This post was chosen as an Editor's Selection for ResearchBlogging.org

Many ecological systems have tipping points - thresholds where small changes in impacts can have very large effects on on ecosystem functioning, often in a bad way.  Lakes, for example, might show little impact from nutrient pollution until a threshold level is reached, and then massive algal blooms form that choke off many other species growth.

In the absence of knowledge of exactly how far one can push a system before reaching a tipping point, many invoke the precautionary principle, which states that in the face of uncertainty, one should take the most conservative approach.

There is broad disagreement about whether the precautionary principle is useful and exactly how to apply it.    In Ecological EconomicsNicholas Brozović and Wolfram Schlenker explore the economics of this challenge.   They build an economic model of a system where too much pollution causes a threshold change economic benefits, and then explore how the optimal behavior - that is, the optimal level of pollution - change in this system as uncertainty changes.  The unique contribution here is that they model two types of uncertainty, and they find some interesting things:

Systemic uncertainty emerges from the fact that ecological system are complex and multifaceted.  Even if we knew how much pollution, on average, a lake could absorb before it collapsed, this amount could change due to many other factors at play in the system (like the weather).  Sometimes this is called “irreducible uncertainty” because more knowledge of the system does not reduce it.

Image source: Flickr

It turns out that such uncertainty has a complex relationship with the optimal management strategy.  If there is some systemic uncertainty, it pays to manage with a “buffer” to avoid hitting the tipping point.   However, lots of systemic uncertainty reduces the incentive to be precautionary, because random, uncontrollable events are more likely to cause a collapse than one’s own actions.
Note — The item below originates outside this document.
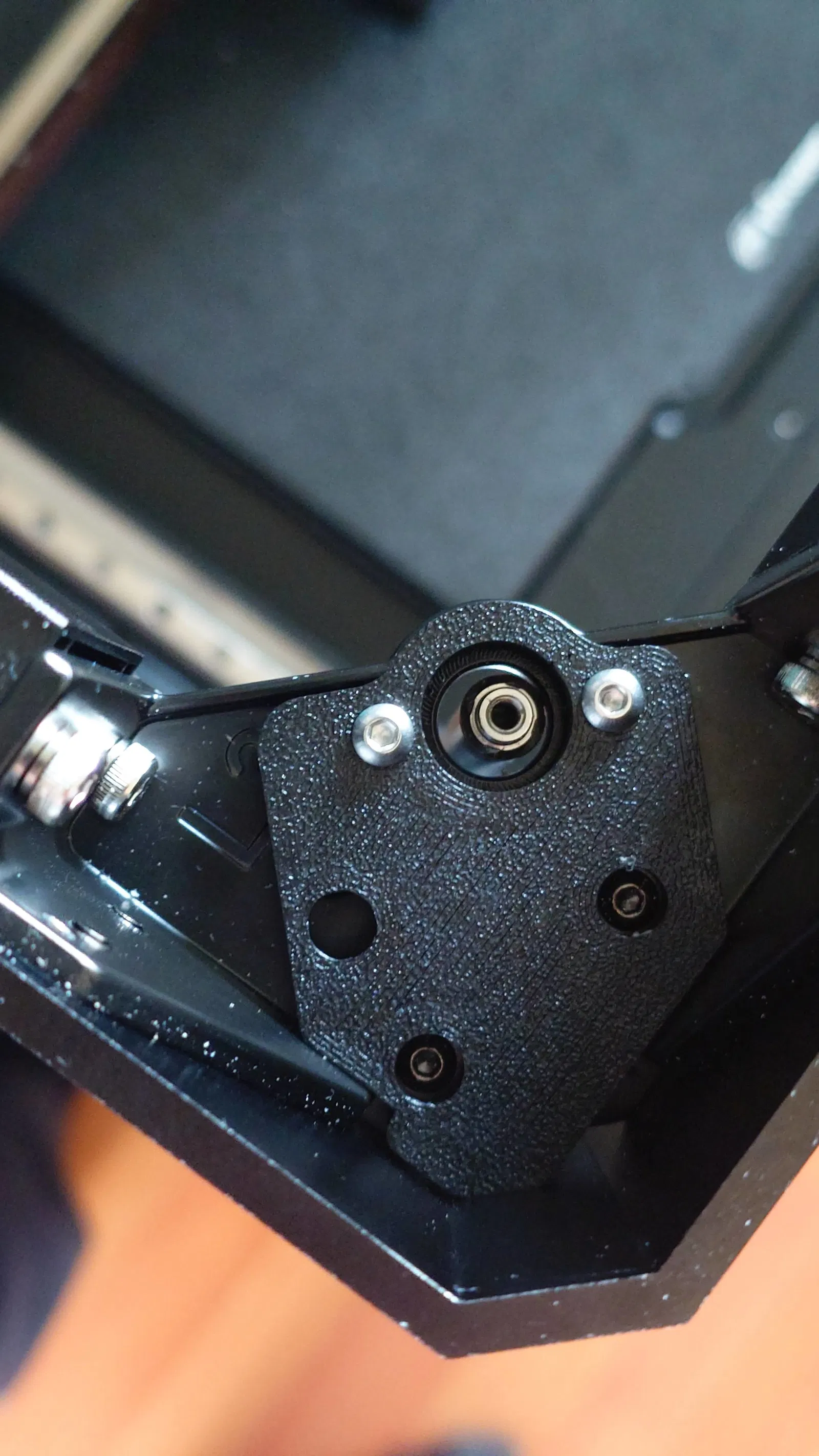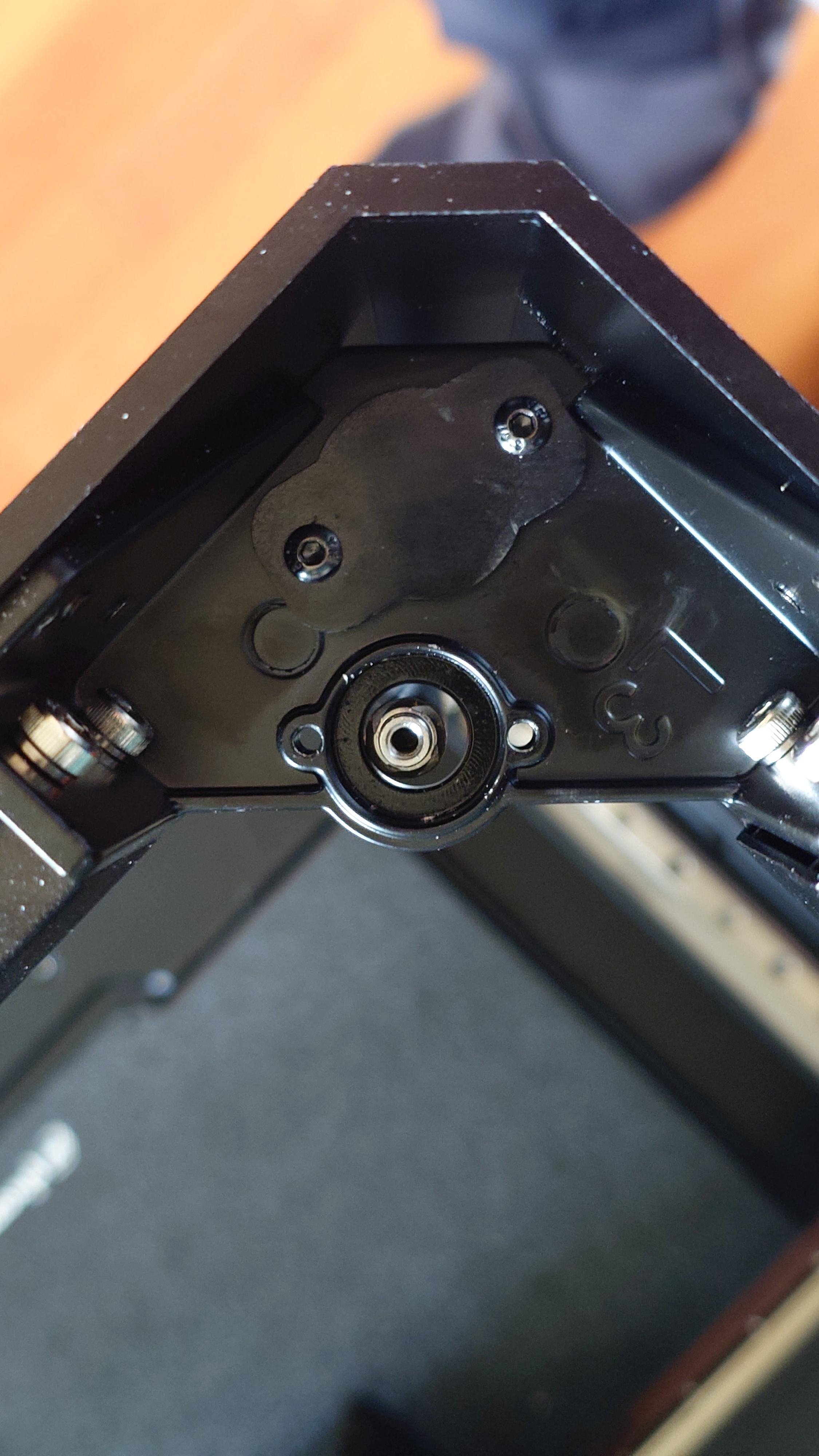 Sau khi kiểm tra các nguyên nhân có thể xảy ra, tôi phát hiện ra phần đầu của cả 4 trục vít me được cố định bằng một con vít vào bạc đạn phía trên. Tôi quyết tâm thiết kế một giải pháp cho vấn đề này, nhưng khi tôi tháo con vít trung tâm phía trước bên trái ra khỏi trục vít me để lấy hết số đo, toàn bộ trục Z đã bị tụt xuống khoảng 4 đến 5mm. Việc tạo ra độ rơ dọc 4 đến 5mm không phải là ý định ban đầu, vì vậy tôi đã tìm cách khắc phục chuyển động dọc này.

Knowledge uncertainty comes from limited knowledge.  This is “reducible uncertainty” because learning can improve our knowledge.  This, too, has a complex relationship with strategy.  If one is far from the tipping point, more uncertainty drives precautionary behavior, as one becomes less sure about one’s margin of safety.  However, if one is close to the tipping point, lots of uncertainty can obscure the high-risk situation one is in.

So…it’s complicated.  Brozović and Schlenker make a very interesting observation about this complexity:  

disagreements in some environmental disputesmay be a result of different beliefs about threshold uncertainty, even when there is broad consensus about underlying processes and system dynamics. For example, some regulators argue for an immediate reduction in the production of a pollutant until uncertainty about the underlying natural process is reduced while others suggest that no costly reductions should be undertaken until the same uncertainty is reduced. Our analysis suggests that there may be much more common ground between these two views than might otherwise be thought. 

I would think this has straightforward applications in stakeholder relations or negotiating strategy: parties’ assessment of uncertainties in the system can strongly influence their actions.

I see a couple of limitations in this work.  First, while the authors explore the uncertainty of when ecological thresholds are reached, they do not examine the uncertainty of how big a change occurs at the threshold.  It’s rare that we know how bad the changes will be before a sytem collapses.

Second, they model a reversible shift.  They acknowledge that some shifts are irriversible and leave exploration of such a system to other analyses.  However, there is a continuum of dynamics between reversible and irriversible systems, notably those with hysteresis, where considerably greater change is required to return a system to its original state than the initial change.  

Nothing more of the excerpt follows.